Stachyose en raffinose kunnen niet worden verteerd in het maagdarmkanaal vanwege de afwezigheid van α-1, 6-galactosidase-activiteit in het darmslijmvlies van monogastrische dieren, die nodig is om de bovengenoemde α-1 te breken, 6-galactosidische koppelingen. Bijgevolg, beide α-galactosiden gaan onverteerd naar de dikke darm waar ze anaëroob kunnen worden gefermenteerd door darmbacteriën (Hill, 2003). Echter, de achterdarmfermentatie van vleeskuikens is mogelijk niet zo effectief als bij varkens; vooral bij jonge kuikens, wiens darmmicrobiota nog niet volledig tot rust is gekomen. Als het startvoer voor kippen veel soja-α-galactosiden bevat, sommige hiervan zullen nooit gefermenteerd worden in de dikke darm. Marteau en Boutron-Ruault (2002) rapporteerden dat onverteerbare koolhydraten, zoals stachyose en raffinose, oefenen een osmotisch effect uit in het maagdarmkanaal als ze niet worden gefermenteerd. Dit hoge osmotische effect maakt de digesta waterig, wat de transittijd van de spijsvertering in de darm van de kip verkort, resulterend in een toename van de intensiteit van diarree en, vervolgens, in een toename van de vochtigheid van het strooisel (Figuur 2).

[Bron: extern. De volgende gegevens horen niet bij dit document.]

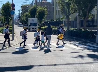 昨日に続いて、PTA役員・実行委員会の方々が、旗を持って、通学路や交差点で登下校時の見守り活動をしてくださっています。
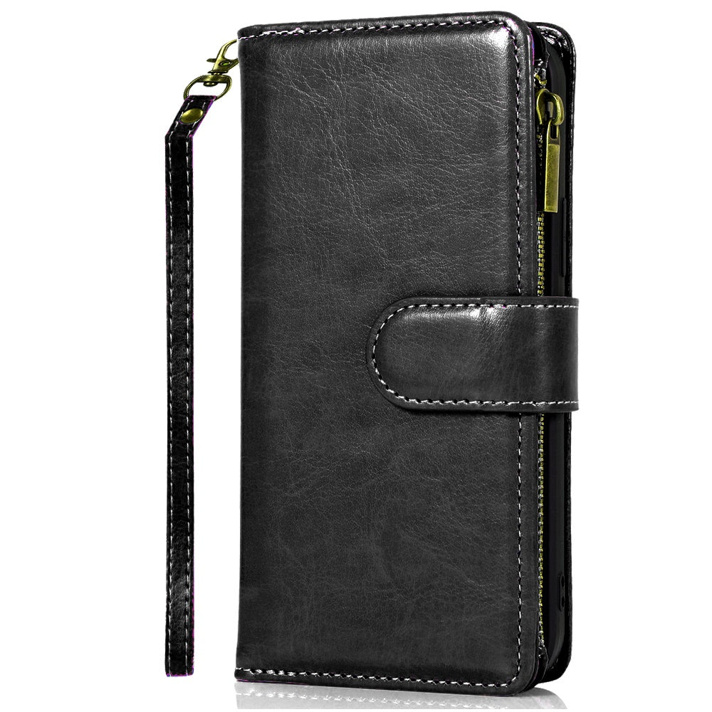 Luxury Phone Wallet Case Card ID Money Holder with Lanyard + Tempered Glass Screen Protector
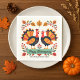 Feliz Dia de Ação de Graças! O design deste guardanapo apresenta perus gêmeos, com caudas a curtir-se como um pôr do sol vibrante, por baixo de uma cobertura de folhas e bagas de outono. Uma faixa central em um roteiro elegante diz "Feliz Ação de Graças", com seu nome de família personalizado abaixo. Estes guardanapos são o toque perfeito para um banquete festivo.
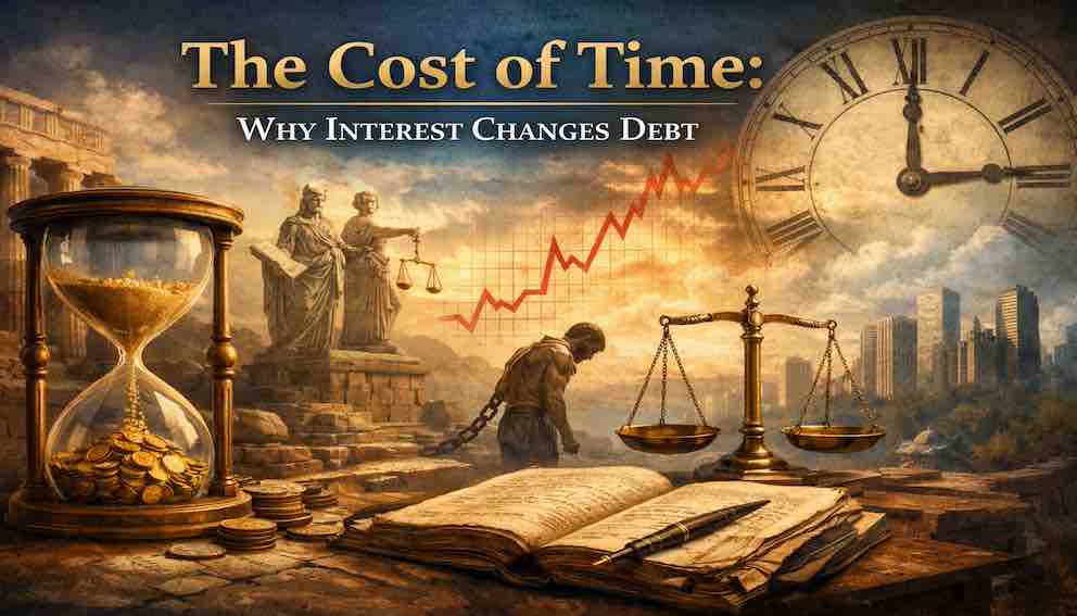 Debt allows people to use resources before they have fully earned them, bridging the gap between present need and future production. In every debt relationship, one party gives up control of resources now, while another promises to return value later, relying on shared uncertainty about the future and agreed rules to make that promise credible. Interest changes this arrangement by assigning a price to waiting, so that time itself increases what is owed even when nothing else happens. Across history, societies have depended on lending but have repeatedly resisted the idea that time alone should generate income. This unease reflects a clear understanding that once time is priced, debt shifts from a tool of coordination into a mechanism that redistributes power and shapes behavior over the long run.

Perryman et al. (2013) rapporteerden een aanzienlijke daling van de incidentie van FPD bij het verminderen van het gehalte aan soja-α-galactosiden in vleeskuikenvoer (Figuur 3), wat de negatieve impact bevestigt die deze onverteerbare stoffen kunnen hebben op de gezondheid van de voetzolen bij kippen.
Samengevat, wanneer uw kudden FPD lijden, naast het evalueren van alle predisponerende factoren die verband houden met het weer, huisvesting en voorzieningen, drinksysteem, beddengoed materiaal, management en gezondheidstoestand, het is absoluut noodzakelijk om de samenstelling van het voer te controleren, vooral het startvoer. In deze betekenis, onder andere voedingsstrategieën, de vermindering van het gehalte aan onverteerbare soja-oligosachariden in startvoer voor vleeskuikens zal FPD helpen verbeteren en zal bijdragen aan het welzijn van kippen.